▸ **What you need to do**
Your copy should run exactly from the line containing "A delicate spiral" to the last line of the entries below, and it should include no pictures.

▸ **Data to examine**
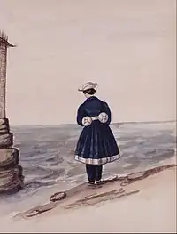 Con la técnica de acuarela pintada sobre papel en 1850, la obra de Francisco Fierro representa a una dama bañándose en Chorrillos, balneario al sur de Lima. Sus obras retratan las costumbre de la Lima antigua y representan de gran valor documental como testimonio de las tradiciones locales.[41]
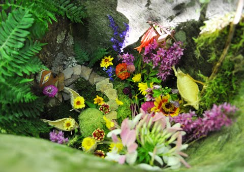 A delicate spiral stone path led down from the door and up to a gorgeous tuffet of pale green moss. The flowers were a riot of colour and texture! I could see three tiny Faerie sized seating areas arranged in a circle around the moss. The seats were Milkweed pods with tiny cushions of yellow flowers places inside each one. And there was even a Milkweed pod sleeping nook high above the garden. It's hard to see from this angle, so here is a better view.
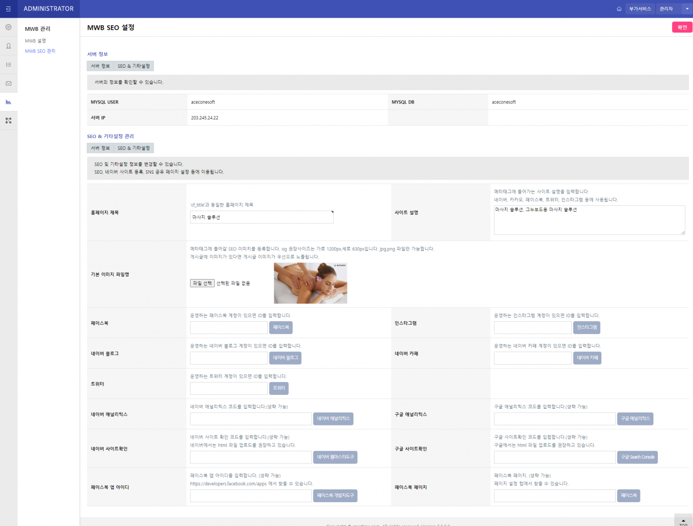 7. seo 설정 - meta태그에 들어갈 내용을 설정하는 곳 입니다.
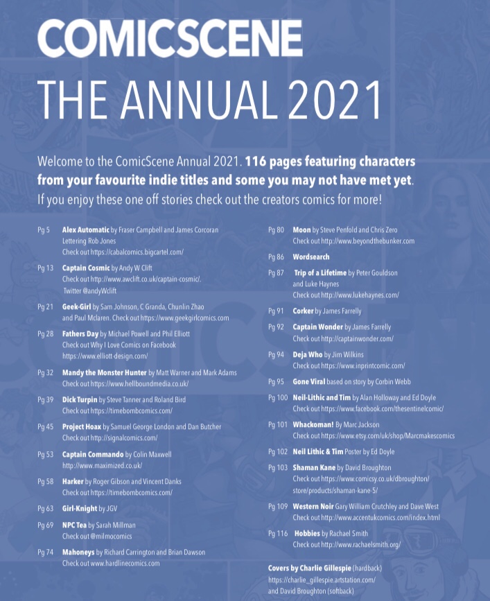 What goes into making an indie comic book? Publisher Tony Foster takes an in-depth look at producing the 116 page ComicScene Hardback Annual 2021 and some of the thoughts that went into its production. It’s available in print (hardcover) and digital now and to pre order for March 2021 in softcover. Order at GetMyComics
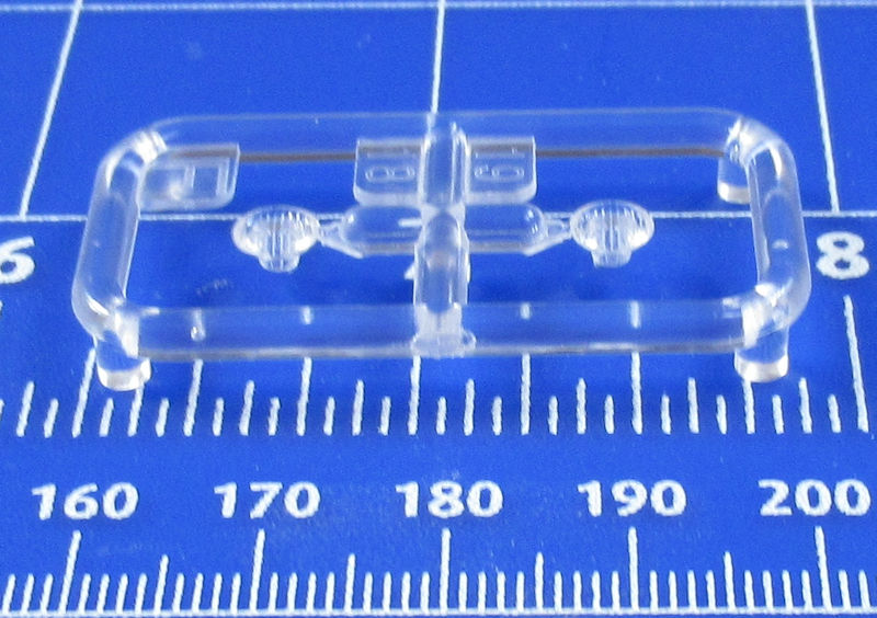 Der Motorblock ist sehr komplex geformt und wird durch diverse Anbauteile ergänzt. Die beiden Hälften werden einfach zusammengesteckt. Dann wird der Block weiter komplettiert. Für die beiden Frontscheinwerfer gibt es zwei Klarsichtteile.

▸ **Expected answer**
 A delicate spiral stone path led down from the door and up to a gorgeous tuffet of pale green moss. The flowers were a riot of colour and texture! I could see three tiny Faerie sized seating areas arranged in a circle around the moss. The seats were Milkweed pods with tiny cushions of yellow flowers places inside each one. And there was even a Milkweed pod sleeping nook high above the garden. It's hard to see from this angle, so here is a better view.
 7. seo 설정 - meta태그에 들어갈 내용을 설정하는 곳 입니다.
 What goes into making an indie comic book? Publisher Tony Foster takes an in-depth look at producing the 116 page ComicScene Hardback Annual 2021 and some of the thoughts that went into its production. It’s available in print (hardcover) and digital now and to pre order for March 2021 in softcover. Order at GetMyComics
 Der Motorblock ist sehr komplex geformt und wird durch diverse Anbauteile ergänzt. Die beiden Hälften werden einfach zusammengesteckt. Dann wird der Block weiter komplettiert. Für die beiden Frontscheinwerfer gibt es zwei Klarsichtteile.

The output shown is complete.